On December 10, 2012, the German magazine Der Spiegel reported about Bryant, his former work and his post traumatic stress disorder.

He gave his testimony to an expert council of the United Nations and to the German Parliamentary Committee investigating the NSA spying scandal. Jesselyn Radack is his lawyer.

In April 2015 Brandon Bryant gave his first public keynote 'Inside the Predator' on the drone-system and his experience as a drone operator at the conference 'DRONES: Eyes from a Distance', the opening event of the Disruption Network Lab in Berlin, Germany.

In 2015 the Vereinigung Deutscher Wissenschaftler and the German section of the International Association of Lawyers against Nuclear Arms awarded Bryant with the Whistleblower Award.

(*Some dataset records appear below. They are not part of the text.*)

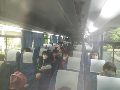 1号車車内の様子です。ドライバーはトッシーさん、ガイドはリカさんです!よろしくお願いします。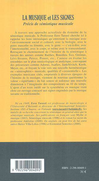 En retraçant le cheminement de l'histoire de la sémiotique à travers des auteurs comme Barthes, Bourdieu et bien d'autres, l'auteur élabore une nouvelle herméneutique ou "sémiosphère" musicale, qualifiée "d'existentielle". Il rappelle les liens qu'entretient la musique avec l'environnement social et culturel, mais aussi avec la biologie, avec le genre, avec le geste, avec le corps et même avec le transcendantal. Un texte inédit sur la synesthésie en musique vient clore cet ouvrage agrémenté de nombreux exemples musicaux.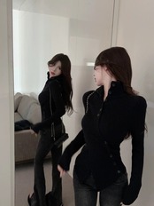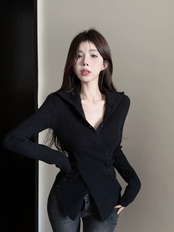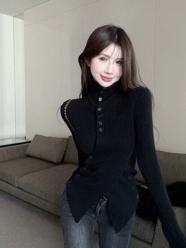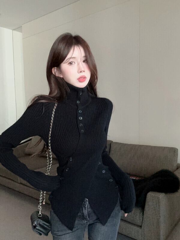 ED イレギュラークロスハイネックセーター女性 2024 年春の新しいスタイルスリムフィットセータートップ スプリング 春物 0921970260578619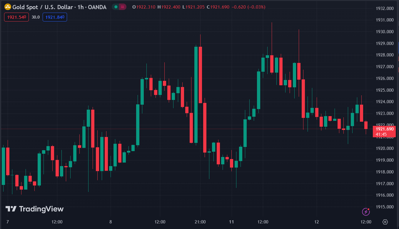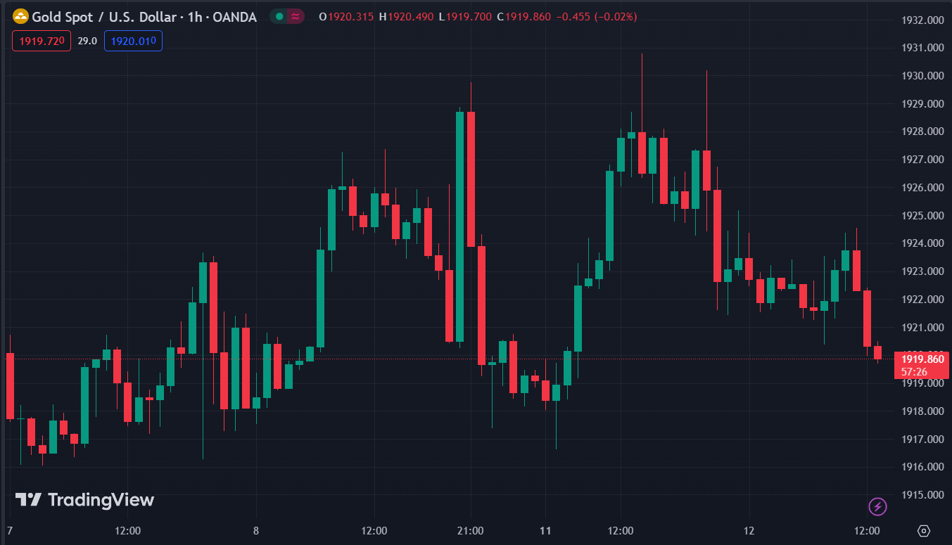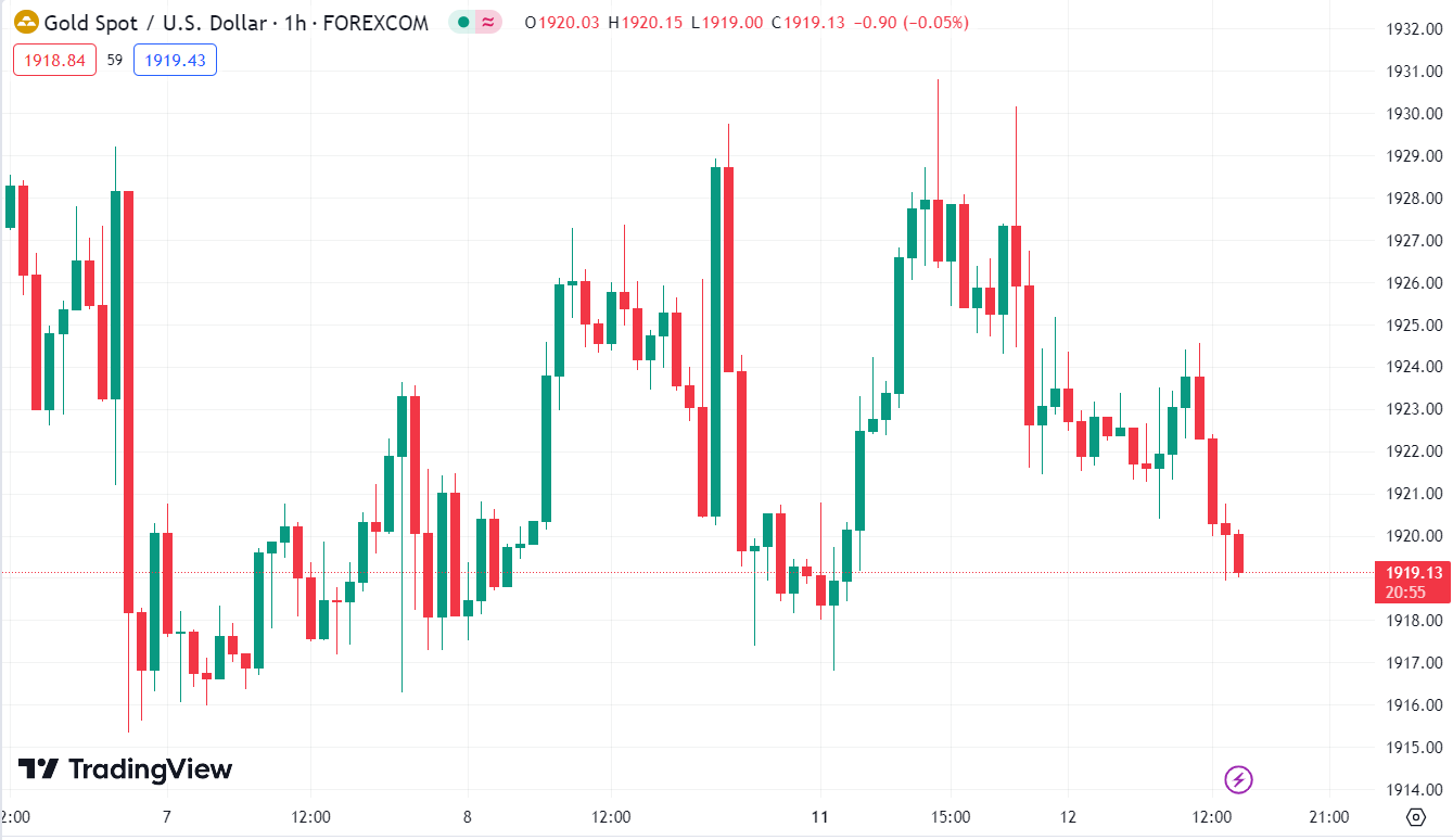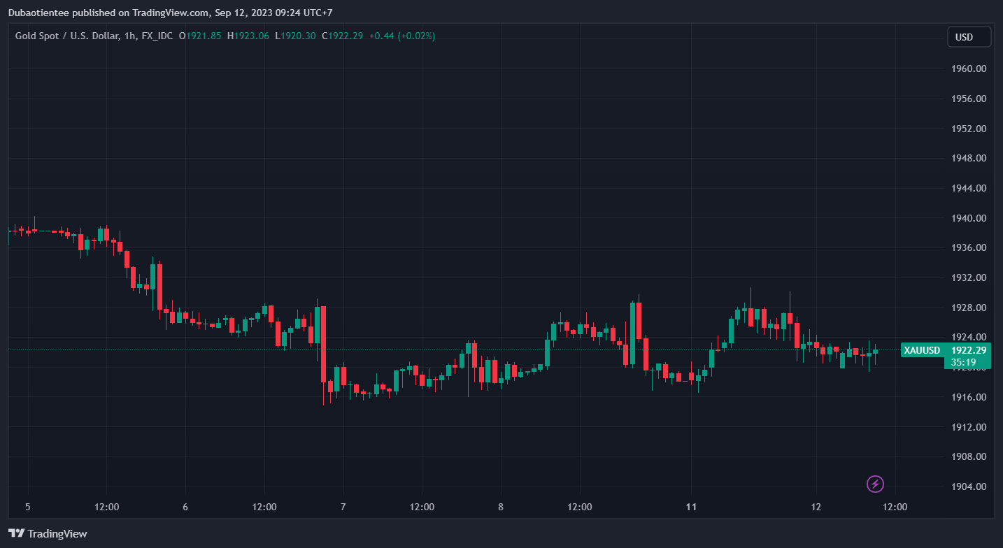 Vàng giảm nhẹ, giao dịch quanh $1,923.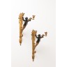 Pair of gilt bronze and black lacquered two-light sconces held by putti entwined with snakes Empire style H 45 X W 21 cm

In November 2015 the theatrical play Ramstein Airbase: Game of Drones premiered at Staatstheater Mainz. Brandon Bryant is a central character and was played by Denis Larisch.

In May 2016 the Norwegian documentary filmer Tonje Hessen Schei produced the documentary Drone – This Is No Game!. Drone pilots Brandon Bryant and Michael Haas are shown as examples of how the CIA recruits video gamers and trains them to kill by remote control. An earlier version of the film won awards at several festivals in 2015. At the Bergen International Film Festival it won the "Best Documentary Award“ and the "Human Rights Award“. At the Cinema for Peace Foundation in Berlin it won the award as "Most Valuable Documentary of the Year“. At the San Sebastian Human Rights Film Festival the team that made the documentary won the "Amnesty International Award“.